Thanks Terry and Al!!

The piston is easy to put together and kinda fun to use.


----------



## meateater (Jun 22, 2011)

Road trip to Cowgirls place, who's in?


----------



## cowgirl (Jun 22, 2011)

meateater said:


> Road trip to Cowgirls place, who's in?


lol Bring beer and lawn chairs!!


----------



## michael ark (Jun 22, 2011)




----------



## venture (Jun 22, 2011)

A fattie piston?  If it isn't Alton Brown or Nepas, it must be cowgirl!

Beautiful fattie.  Excellent touch with the Hollandaise. Cookbook pics as always.

Good luck and good smoking.


----------



## darkmoondreamer (Jun 22, 2011)

I love it!
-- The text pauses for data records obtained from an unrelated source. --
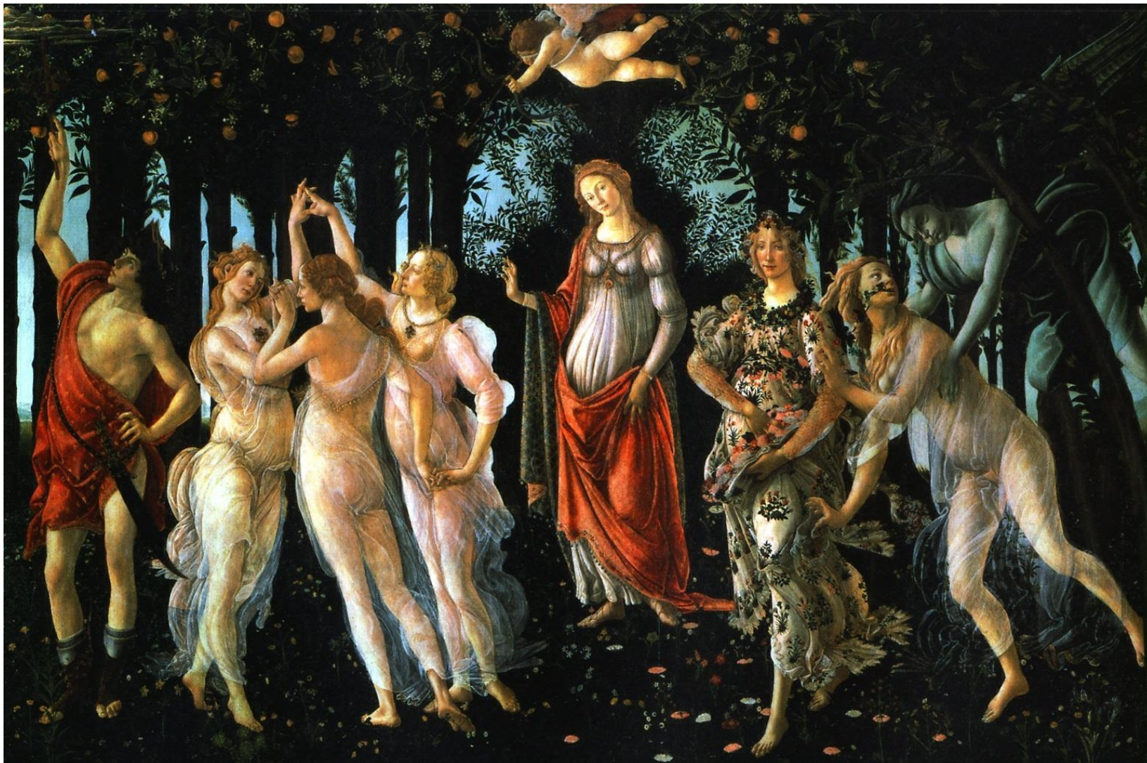
Весна. Около 1482
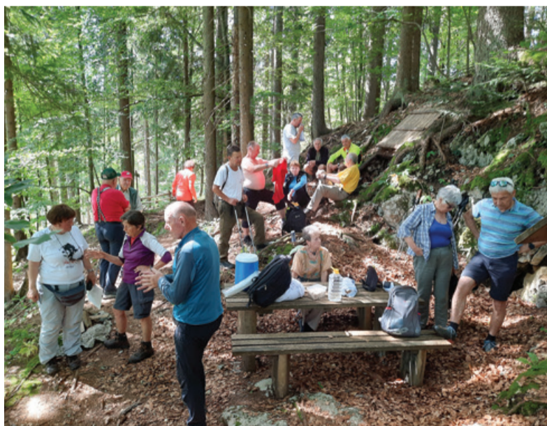
Deseti pohod k tehniki Meta
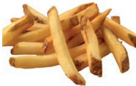
PAT115 PATATE PRIVATE R. 9 X 9 BUCCIA KG 2.5
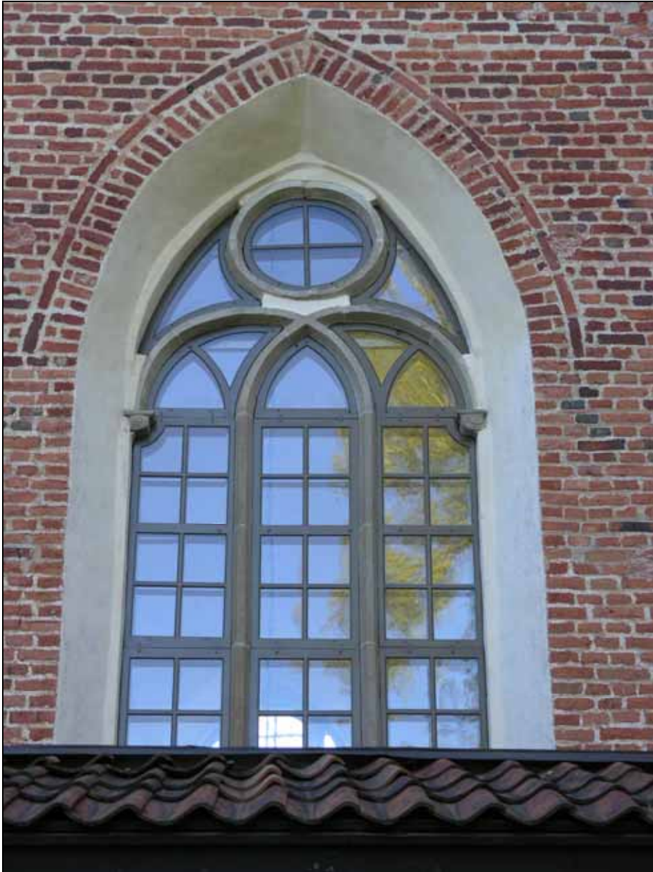
Fönster efter nytillverkning och renovering i långhusets norra sida. Bildnr: lp20070201.

I found cowgirl's blog on the web and made myself a fattie piston per her instructions. Wouldn't do it any other way now!


----------



## big twig (Jun 22, 2011)

WOW! That looks amazing...breakfast fatty eggs benedict. I love eggs benedict and now I must try it with a fatty. Thank you for sharing this masterpiece.... and the pictures....WOW!


----------



## rp ribking (Jun 22, 2011)

Your a Pro at fattie makin'. Looks delish, thanks for the piston info.


----------



## fpnmf (Jun 22, 2011)

As always a great cook and wonderful pics!!

  You rock!!

   Craig


----------



## czarcastic (Jun 22, 2011)

I really gotta compliment your picture-taking and plating (presentation).  Not only do your descriptions SOUND delicious, but your photos are always top-notch, making your posts so enjoyable to read.  

Great job (once again!)


----------



## fpnmf (Jun 22, 2011)

Czarcastic said:


> I really gotta compliment your picture-taking and plating (presentation).  Not only do your descriptions SOUND delicious, but your photos are always top-notch, making your posts so enjoyable to read.
> 
> Great job (once again!)


You might want to visit her blog Czar...http://cowgirlscountry.blogspot.com/

    Craig


----------



## venture (Jun 22, 2011)

Yeah, we are so used to that from her that we just expect it now.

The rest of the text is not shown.